“The FAIR principles describe the way in which data must be stored and presented to be more easily findable, accessible, interoperable, and reusable.”
Open science is based on the idea that research results must leave the universities and laboratories to be disseminated across the whole of society. To achieve this, it is necessary to make scientific publications and data freely accessible to all (to researchers but also to individuals and businesses).
Yet today, access to scientific knowledge – despite it often stemming from publicly-funded research – is generally subject to expensive subscriptions imposed by specialist journals that are held by a small number of editors.
More efficient and transparent science
For its supporters, open science leads to democratization of access to knowledge. Above all, it increases the efficiency of research and fosters scientific breakthroughs and innovation. In effect, it enables researchers to pool their efforts and coordinate their work within an ecosystem that is more favorable to collaboration and the accumulation of knowledge in one or more fields of study.
With its increased transparency, open science is also a lever for scientific integrity and reinforces public confidence.
France has adopted an ambitious policy in this area: after an initial plan launched in 2018, the Ministry of Higher Education, Research and Innovation announced a Second National Plan for Open Science in July 2021. This second plan, via which the government confirms its commitments to the opening up of scientific publications and data, extends its scope to include the source codes produced by research.
Open access routes
The first prerequisite of open science, open access, refers to the free availability of academic articles in digital format. This notion covers both open access, meaning the content freely available to internet users, and free access: content that is both freely available and provided under a free license, which means it can be reused – under the terms specified in the license.
Open access has several economic models, or “routes”, for covering publishing costs. The “green route” refers to the depositing, by the authors themselves, of their work in an open archive such as HAL, the French national archive created in 2001. It is also worth mentioning the European initiative OpenAIRE, or the American archive arXiv in the fields of biology, physics, mathematics, computing, etc.
The “golden route” concerns natively open access journals. Several models enable financing of the editorial work. In the author-payer model, the author of an article (or the institution that employs them) pays the editor to compensate for the loss of funding that is usually received via subscriptions. For example, the American Public Library of Science (PLOS) project has taken up this route. OpenEdition has also chosen the “golden route” but with a “freemium” model: subscription is free but there is a fee to access extra services.
France is championing yet a third route: the “diamond” model whereby publishing fees are not charged to readers or to authors but are paid for by the state, a university, or a not-for-profit organization, etc.
Open (scientific) data and FAIR principles
The topic of opening up scientific data is more complex as it can be limited by legal restrictions (industrial or trade secret, personal data, etc.) or by best safety practices.

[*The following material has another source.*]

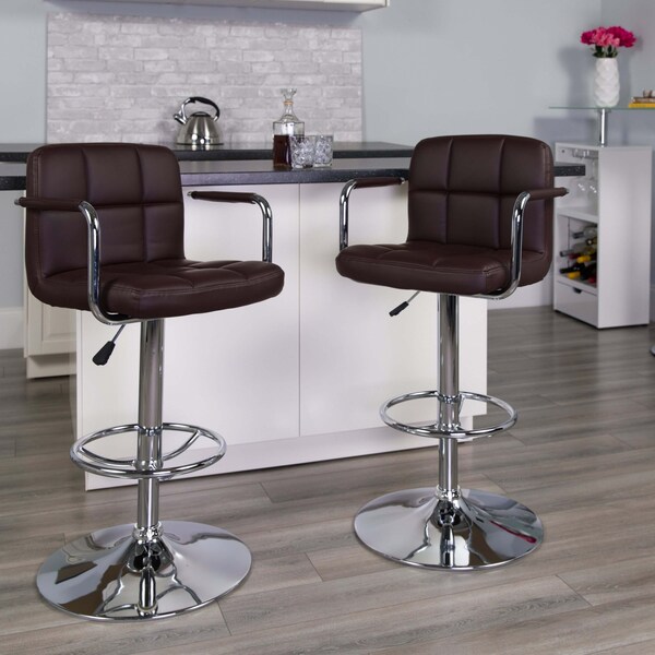 Brown Quilted Vinyl Barstool,PK2, Package Quantity 2

In some fields researchers are used to sharing data, such as in particle physics where the CERN, the European Organization for Nuclear Research, makes the data produced available to the scientific community as well as to the general public, and in others, such as sociology or biology, the trend is more towards “data hoarding” (in particular due to their acquisition cost).
Because of this, it is difficult for researchers to analyze or reproduce the results of their peers’ work or use it to make new discoveries.

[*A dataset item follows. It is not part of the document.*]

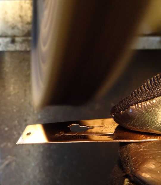 La placa de cobre es dejar de fumar suave así que usé un trozo de madera para apoyar la placa de cobre mientras que el pulimentar.

To address this situation, based on the model of what has been achieved in the area of public data, the French government has decided to create a national platform bringing together all of the cross-disciplinary research data under the “Recherche Data Gouv” heading.
As for the European Commission, it has launched the European Open Science Cloud (EOSC). Researchers working in European institutions have access to all available data and to services enabling the processing and analysis of this data.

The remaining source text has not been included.